Dream Chaser Teams with Stratolaunch to Carry People into Space

Scaled shuttle to work with Rutan's carrier plane.

Dream Chaser and Stratolaunch

Dream Chaser and Stratolaunch

Dream Chaser and Stratolaunch Air Launch System

The Dream Chaser, a reusable crewed space shuttle currently under development by Sierra Nevada Corporation, may one day carry people into space with the help of Stratolaunch's massive carrier plane, the brainchild of aviation legend Burt Rutan and Microsoft co-founder Paul Allen.

The news comes on the heels of Sierra Nevada Corporation's announcement that it will legally challenge NASA's decision to snub the company's bid for a Commercial Crew Transportation contract in favor of the competition's two other proposals, submitted by Boeing and SpaceX.

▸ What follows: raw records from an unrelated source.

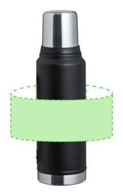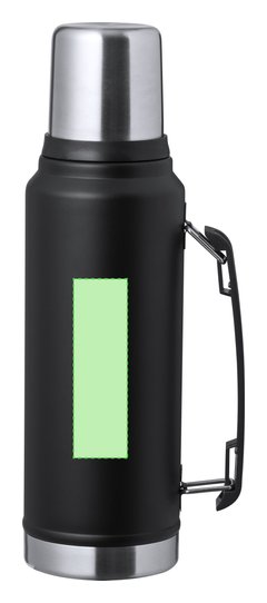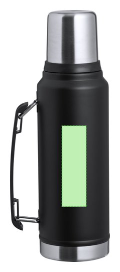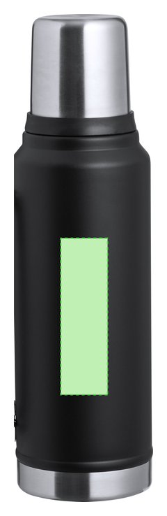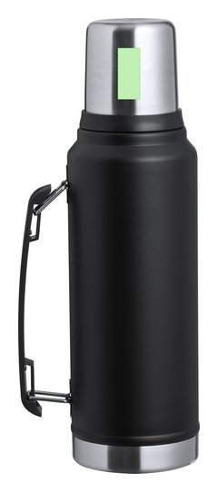 Termo de acero inox de 1L de capacidad. Combinación de color negro con acero pulido de elegante acabado, de cierre de rosca con tapón en forma de vaso de 200 ml y asa en el lateral para un fácil transporte. Presentado en caja de diseño kraft.
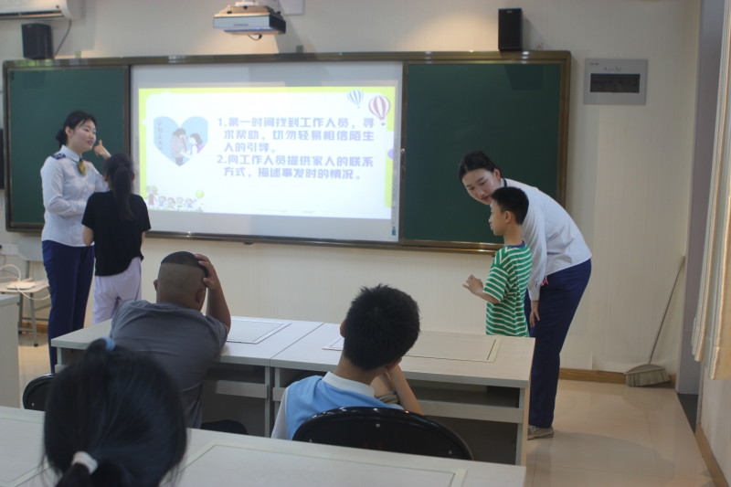 活動(dòng)伊始,地鐵站工作人員向同學(xué)們講解了地鐵設(shè)備和人員的相關(guān)知識(shí),如站務(wù)員與消防員、“天線寶寶”和“鐵箱子”等,同學(xué)們認(rèn)真聽講,興趣盎然,知道了地鐵站的重要性和安全規(guī)范。在體驗(yàn)互動(dòng)環(huán)節(jié),地鐵站工作人員請(qǐng)同學(xué)們使用“天線寶寶”對(duì)講機(jī)進(jìn)行交流,帶領(lǐng)同學(xué)們分組模擬跟家長走散和過閘機(jī)的情景,同學(xué)們認(rèn)真聆聽,積極互動(dòng),知道了許多關(guān)于乘坐電梯、地鐵的安全知識(shí),明白了在遇到與家長走丟時(shí)應(yīng)及時(shí)向工作人員求助、過閘機(jī)時(shí)應(yīng)與家長手牽手的實(shí)用技巧。在游戲環(huán)節(jié),地鐵站工作人員帶領(lǐng)同學(xué)們一起開展“煩惱丟出去”的游戲,把成長的煩惱注入球上丟出去,同學(xué)們積極地參與游戲,氣氛開心活躍。活動(dòng)最后,進(jìn)行了沙畫活動(dòng),在地鐵站工作人員和老師的輔導(dǎo)下,每個(gè)同學(xué)都完成了自己的沙畫,收獲滿滿。
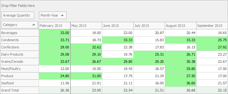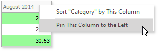The Pivot Grid Control allows you to pin columns to the left or rightmost edge. The pinned columns are never scrolled horizontally, so you can use them as a reference point for adjacent cell values.
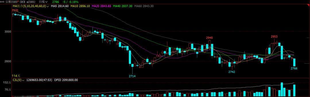 从上图豆粕期货M2505合约走势来看,日线级别呈现明显空头趋势,一根大阴线直接跌穿2800元/每吨整数价格一路下跌至2760元/吨附近,打破前期低点。

Despite that setback, the company plans to build a scaled version of the Dream Chaser that can be used with the Startolaunch plane to carry three people into space or serve a variety of unmanned cargo or research missions.

"Combining a scaled version of SNC's Dream Chaser with the Stratolaunch air launch system could provide a highly responsive capability with the potential to reach a variety of LEO destinations and return astronauts or payloads to a U.S. runway within 24 hours," said Chuck Beames, executive director of Stratolaunch Systems.

The original Dream Chaser, which has been undergoing development and flight testing for the past four years, has seating for up to seven and is designed to launch from an Atlas V rocket. The Stratolaunch carrier plane, an aircraft powered by six Boeing 747 engines that company officials say will be "the largest aircraft ever constructed," has been in the works since its first announcement at the end of 2011 and is designed to carry a 490,000-pound rocket — or now the scaled Dream Chaser — to high altitude for a launch into orbit.